### Your instructions
Print the records below exactly, starting at the first line and stopping after the line that contains "4月27日下午,俄罗斯联邦彼尔姆国立理工大学(Perm National Research". Leave out any pictures.

··· Data records ···

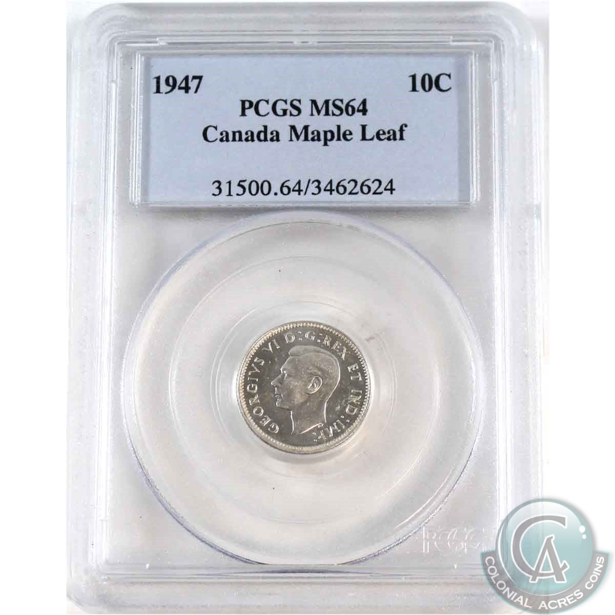 1947 Maple Leaf 10-cent PCGS Certified MS-64
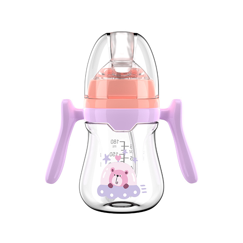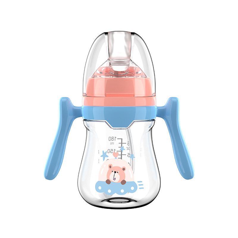 婴儿奶瓶防呛防胀气宽口径奶瓶带手柄宝宝奶瓶带吸管pp奶瓶批发
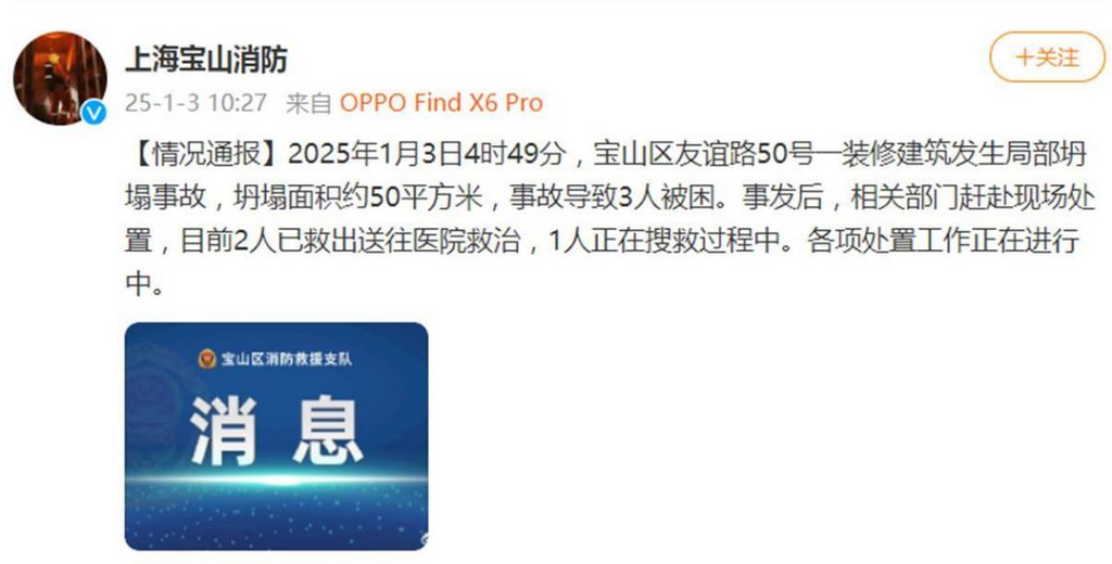 ·上海一建筑凌晨發(fā)生坍塌致3人被困,消防通報(bào):2人已救出送醫(yī)。
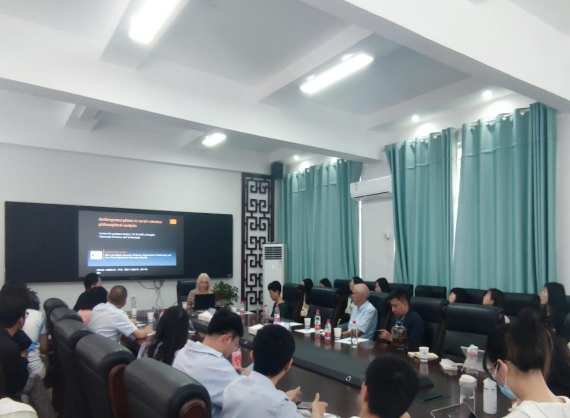4月27日下午,俄罗斯联邦彼尔姆国立理工大学(Perm National Research Polytechnic University)Elena Seredkina(白雪)教授来到马克思主义学院,在雷竞技官网云塘校区文科楼B602会议室作了题为“社交机器人拟人化的哲学分析”的学术讲座。本次讲座由马克思主义学院文贵全副院长主持,余乃忠教授、陈芬教授、蒋显荣教授、廖苗副教授、郭蓉博士等学院部分教师和马克思主义学院2023级哲学、公共管理专业研究生近50人聆听了讲座。此外,广西科技大学黄磊助理教授也参加了本次讲座。
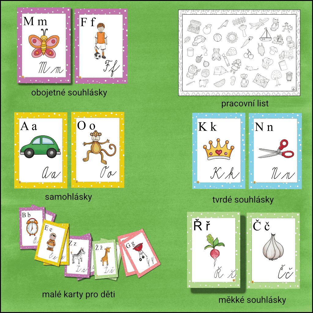 Puntíkatá abeceda propojuje vizuální přehled s aktivní prací. Velké plakáty (A4) tvoří základ výzdoby, menší karty (A5) i hrací kartičky umožňují dětem manipulaci s písmeny a různá třídicí či skládací cvičení.
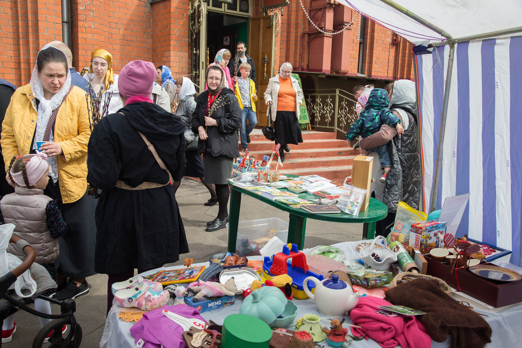 По окончании Литургии всем прихожанам было предложено угощение и горячий чай. А на территории храма прошла небольшая ярмарка.
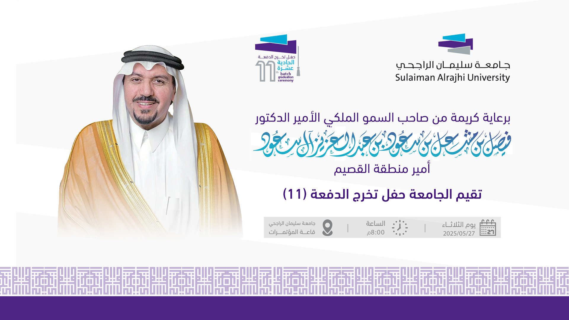 يرعى صاحب السمو الملكي الأمير الدكتور فيصل بن مشعل بن سعود بن عبدالعزيز، أمير منطقة القصيم، مساء الثلاثاء 27 مايو 2025م، حفل تخريج الدفعة الحادية عشرة من طلاب وطالبات جامعة سليمان الراجحي، وذلك في قاعة المؤتمرات الجديدة بالمدينة الجامعية بمحافظة البكيرية. ويأتي هذا الحفل السنوي امتدادًا للدعم المتواصل الذي توليه القيادة الرشيدة لمسيرة التعليم، ولتحفيز التميز الأكاديمي في مؤسسات التعليم العالي بالمملكة. ويُتوج الحفل بتخريج 176 طالبًا وطالبة، يمثلون ثمرة الجهود الأكاديمية والمهنية للجامعة، حيث نال 66 طالبًا و10 طالبات درجة الماجستير التنفيذي في إدارة الأعمال، في حين حصل 47 طالبًا و53 طالبة على درجة البكالوريوس في تخصصات متنوعة موزعة على أربع كليات. من جهته، عبّر رئيس الجامعة الدكتور محمد بن عبدالله المحيميد عن بالغ شكره واعتزازه برعاية سمو أمير المنطقة لهذا الحدث التعليمي المهم، مشيرًا إلى أن رعاية سموه تمثل حافزًا كبيرًا للطلبة، وتجسيدًا حيًا لاهتمام القيادة بإعداد جيلٍ طموحٍ، متسلّحٍ بالعلم، ومؤهلٍ لمواكبة المتغيرات المتسارعة في سوق العمل. واختتم المحيميد حديثه بتقديم التهنئة للخريجين والخريجات وأسرهم، متمنيًا لهم مستقبلًا زاهرًا، ومؤكدًا على استمرار الجامعة في أداء رسالتها التعليمية والوطنية بروح من التميز والإبداع.
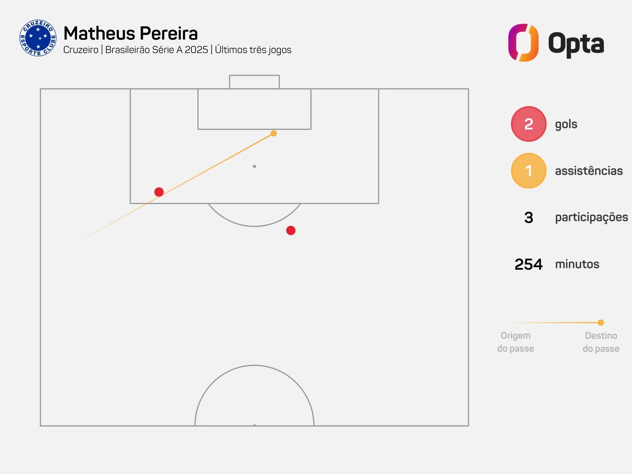 Матеус Перейра демонстрирует лучшую серию в своей карьере в чемпионате Бразилии. В трёх последних матчах подряд он неизменно участвовал в результативных действиях: забил «Сан-Паулу», поразил ворота «Интернасьонала» и отдал голевую передачу в поединке с «Мирассолом». Такой стабильности у полузащитника ранее не было — он находится в отличной форме, по данным Опты.
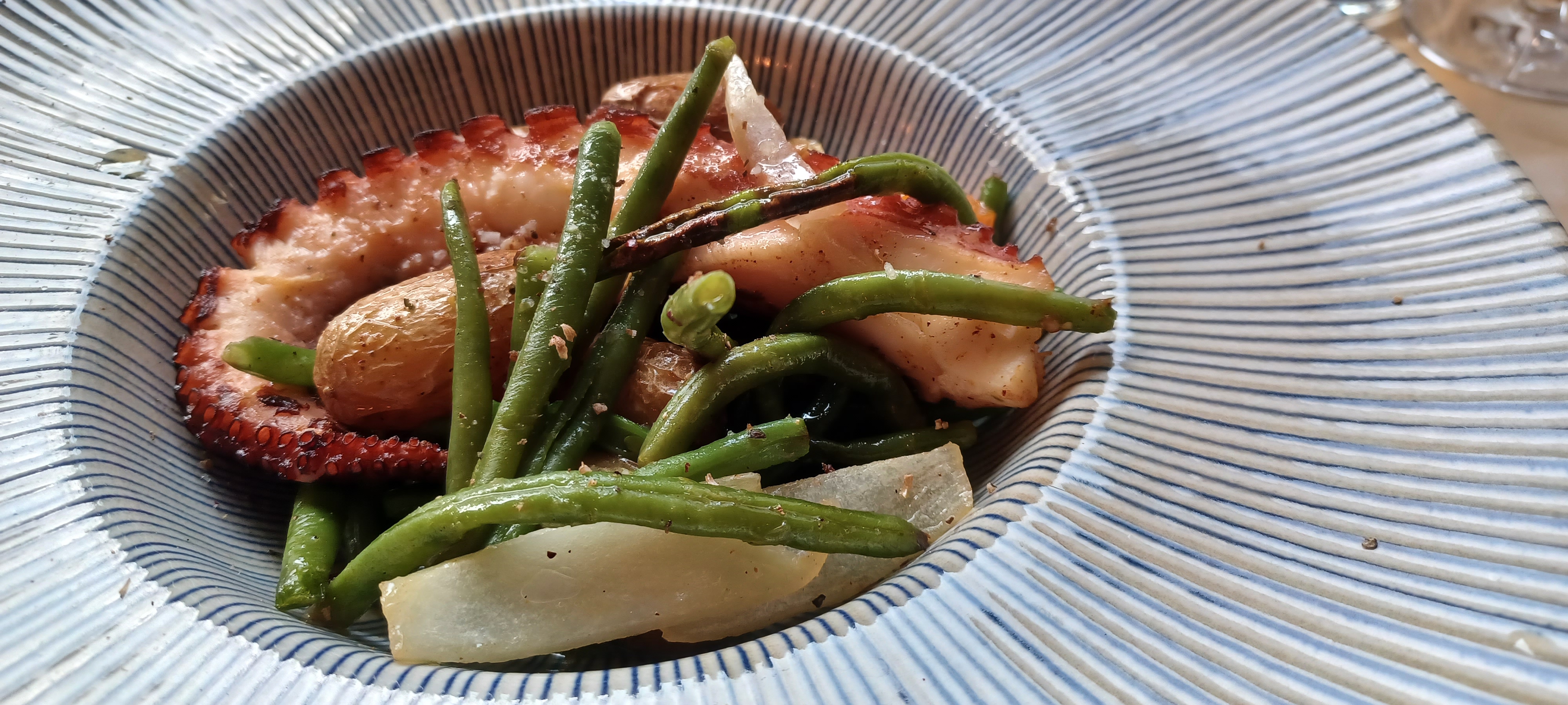 Bonne nourriture ! Super prix ! Nous étions un peu pressés car nous avions rendez-vous et le service était rapide. Nous y retournerons et dégusterons un autre plat fait maison ! Nous avons eu du poulpe, des œufs et du brie fondu.
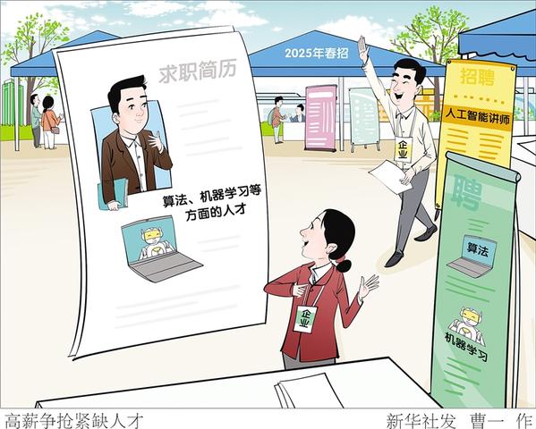 2025年春招中,人工智能领域招聘需求大幅增长,算法、机器学习等方面的人才成为企业高薪争抢的“香饽饽”,人工智能讲师岗位招聘量也在激增。 新华社发 曹一 作
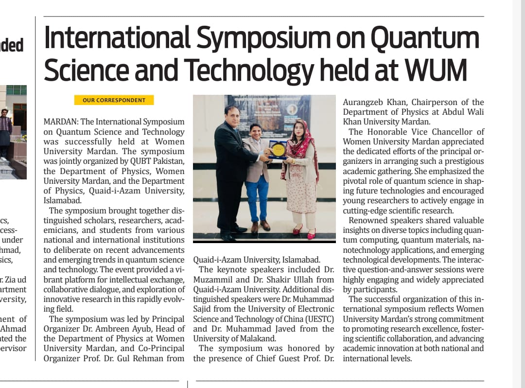 Women University Mardan successfully hosted the International Symposium on Quantum Science and Technology, bringing together distinguished scholars, researchers, and students from national and international institutions. The symposium was jointly organized in collaboration with QUBT Pakistan and Quaid-i-Azam University Islamabad.
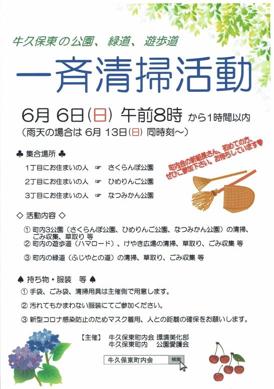 6/6の一斉清掃活動にご参加ください 牛久保東の公園、緑道、遊歩道をみなさんの力で美しく保とう!! 共有: クリックして X で共有 (新しいウィンドウで開きます) X Facebook で共有するにはクリックしてください (新しいウィンドウで開きます) Facebook クリックして印刷 (新しいウィンドウで開きます) 印刷 関連
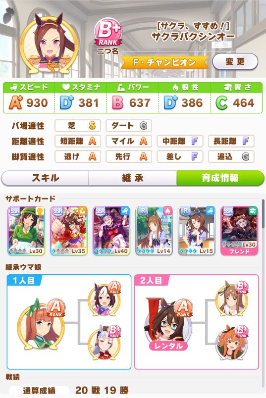 スピードが上振れて、因子もSP5根2URA2地固め2と良い感じで
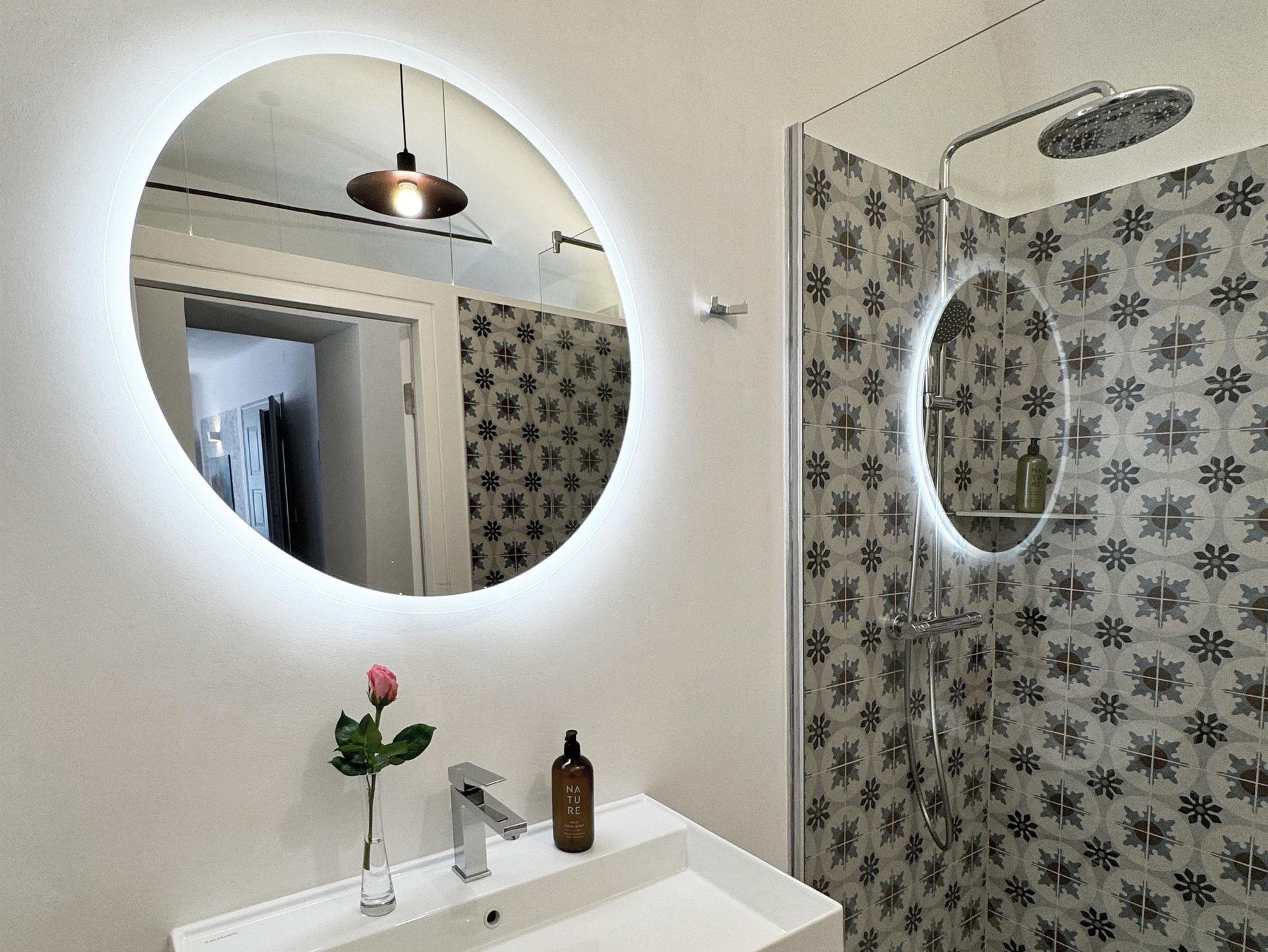 • Modernes Badezimmer mit Regendusche und hochwertigen Pflegeprodukten
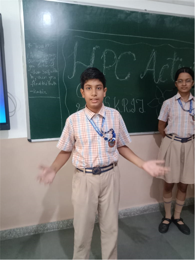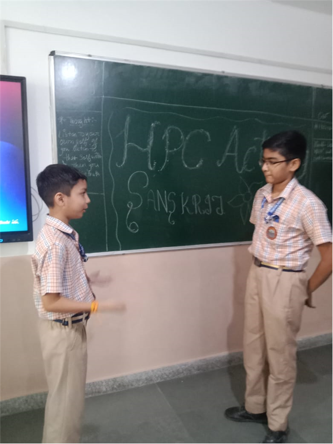 विद्यार्थियों की मौखिक अभिव्यक्ति एवं संस्कृत भाषण कौशल को विकसित करने के उद्देश्य से संस्कृत विषय में “पर्यावरण संरक्षण” विषय पर एच. पी. सी. गतिविधि का आयोजन किया गया।
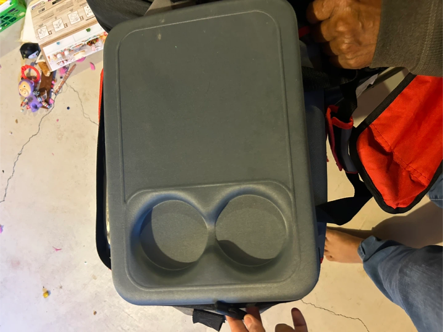 This is an Outbound cooler bag. It features two cup holders integrated into the top lid. The interior is insulated for keeping items cool.
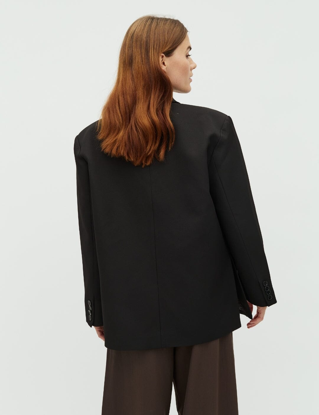 Sort blazer fra MbyM, lavet af polyester. Blazeren har notch-lapel-design, flaplommer foran og en lang længde under taljen.
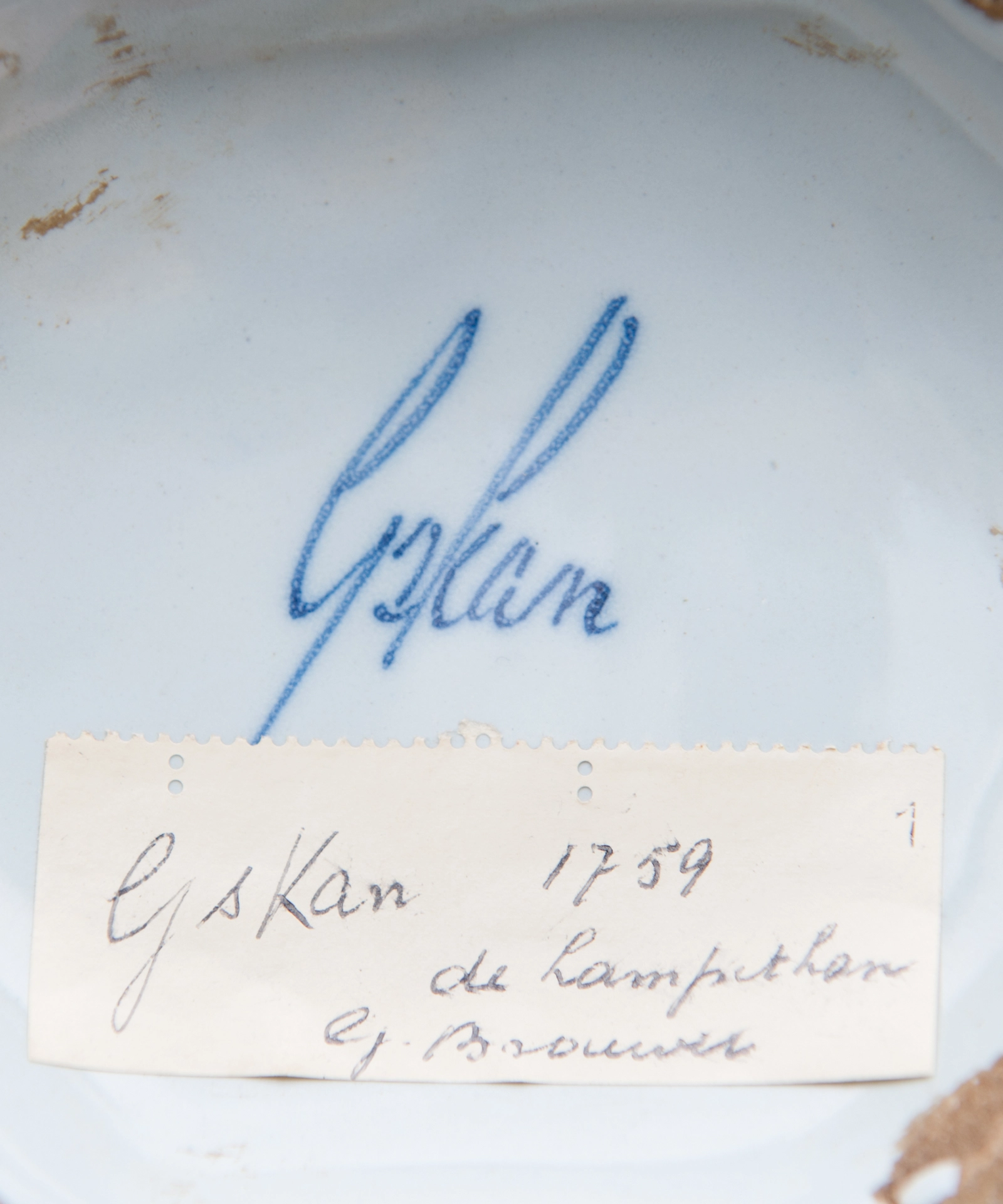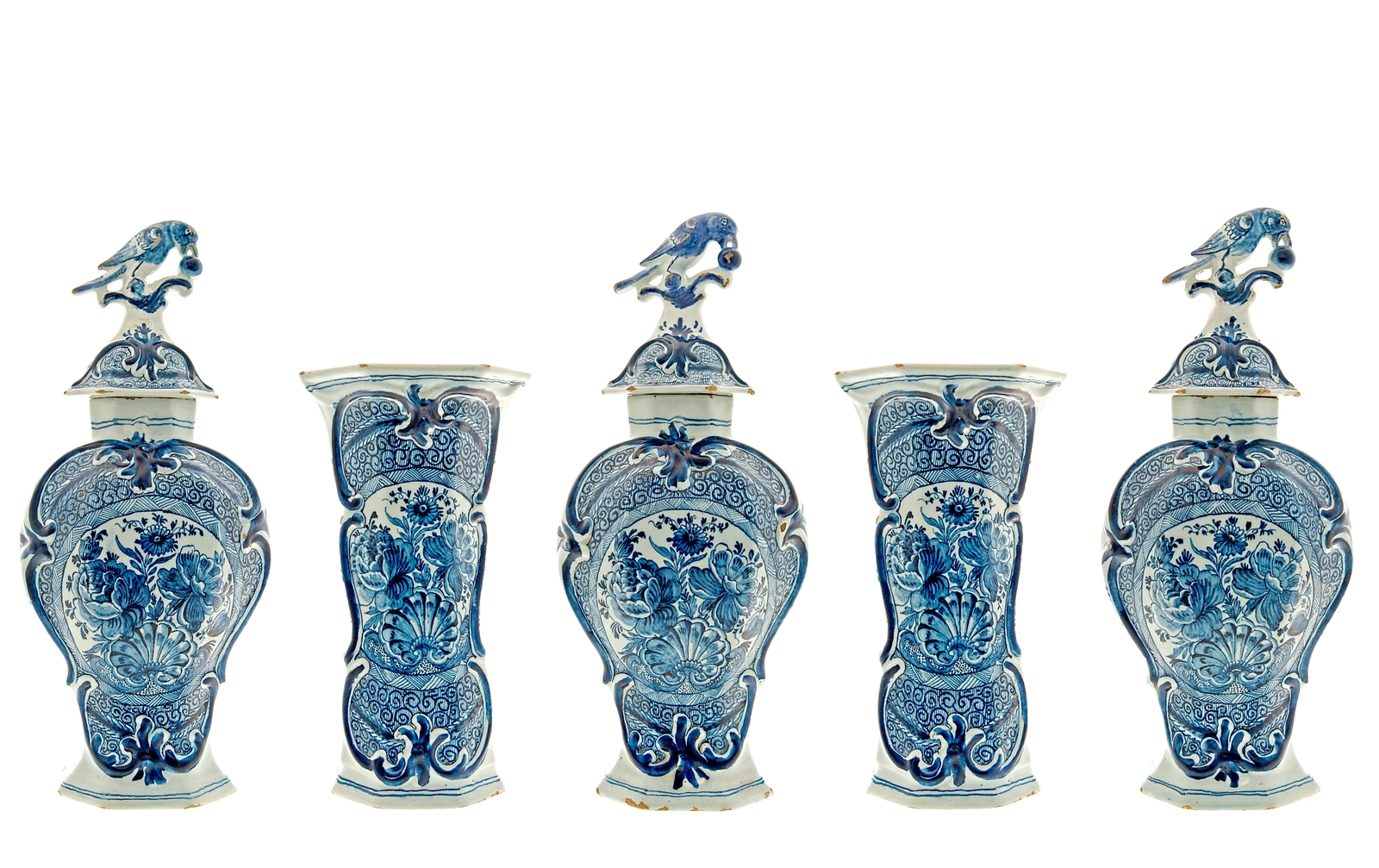 Een Blauw en Wit Vijfdelig Kaststel in Delfts Aardewerk

···

### Reply
 1947 Maple Leaf 10-cent PCGS Certified MS-64
 婴儿奶瓶防呛防胀气宽口径奶瓶带手柄宝宝奶瓶带吸管pp奶瓶批发
 ·上海一建筑凌晨發(fā)生坍塌致3人被困,消防通報(bào):2人已救出送醫(yī)。
4月27日下午,俄罗斯联邦彼尔姆国立理工大学(Perm National Research Polytechnic University)Elena Seredkina(白雪)教授来到马克思主义学院,在雷竞技官网云塘校区文科楼B602会议室作了题为“社交机器人拟人化的哲学分析”的学术讲座。本次讲座由马克思主义学院文贵全副院长主持,余乃忠教授、陈芬教授、蒋显荣教授、廖苗副教授、郭蓉博士等学院部分教师和马克思主义学院2023级哲学、公共管理专业研究生近50人聆听了讲座。此外,广西科技大学黄磊助理教授也参加了本次讲座。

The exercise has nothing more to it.